** DATA SECTION follows **

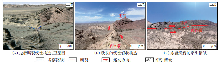 以皮羌断裂中段考察点(坐标N 40.3°,E 77.7°)为例:观测路线如图 5a所示,破碎带宽度约为122 m。卫星图和野外露头均能观察到走滑断裂典型的线性构造识别特征,露头为狭长的线性脊状构造(图 5a,5b),破碎程度高。断层破碎带与围岩可见明显的边界,破碎带为浅色的裂缝发育带,围岩为红色或绿色岩层。考察点北部东盘围岩中发育走滑断裂相关的牵引褶皱,地层变形严重,褶皱方向指示了其所在活动盘的运动方向(图 5c),表明皮羌断裂为左旋走滑断裂。
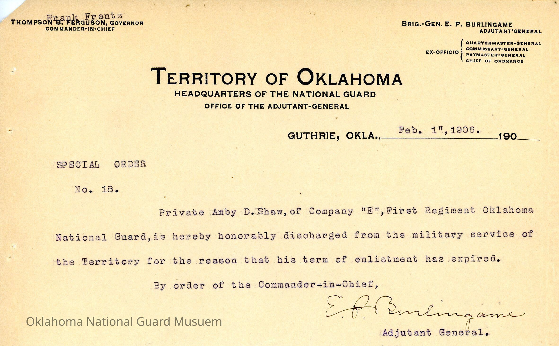 Adjutant General, Guthrie, E.P. Burlingame, Frank Frantz, First Regiment, Honorable discharges, Amby D. Shaw
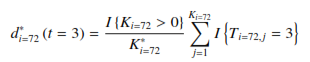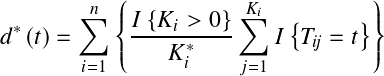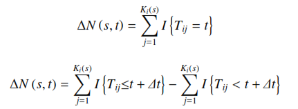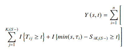 Ki*(t) is the number of uncensored recurrent events for unit i, and Kiis the number of recurrent events for subject i. The function {.} is one if the condition on breakers is true and zero on other case. So, let

** End of DATA SECTION **

**WORK ORDER:**
Write the full listing out again with every line unchanged, but include no pictures.

**COMPLETED EXERCISE:**
 以皮羌断裂中段考察点(坐标N 40.3°,E 77.7°)为例:观测路线如图 5a所示,破碎带宽度约为122 m。卫星图和野外露头均能观察到走滑断裂典型的线性构造识别特征,露头为狭长的线性脊状构造(图 5a,5b),破碎程度高。断层破碎带与围岩可见明显的边界,破碎带为浅色的裂缝发育带,围岩为红色或绿色岩层。考察点北部东盘围岩中发育走滑断裂相关的牵引褶皱,地层变形严重,褶皱方向指示了其所在活动盘的运动方向(图 5c),表明皮羌断裂为左旋走滑断裂。
 Adjutant General, Guthrie, E.P. Burlingame, Frank Frantz, First Regiment, Honorable discharges, Amby D. Shaw
 Ki*(t) is the number of uncensored recurrent events for unit i, and Kiis the number of recurrent events for subject i. The function {.} is one if the condition on breakers is true and zero on other case. So, let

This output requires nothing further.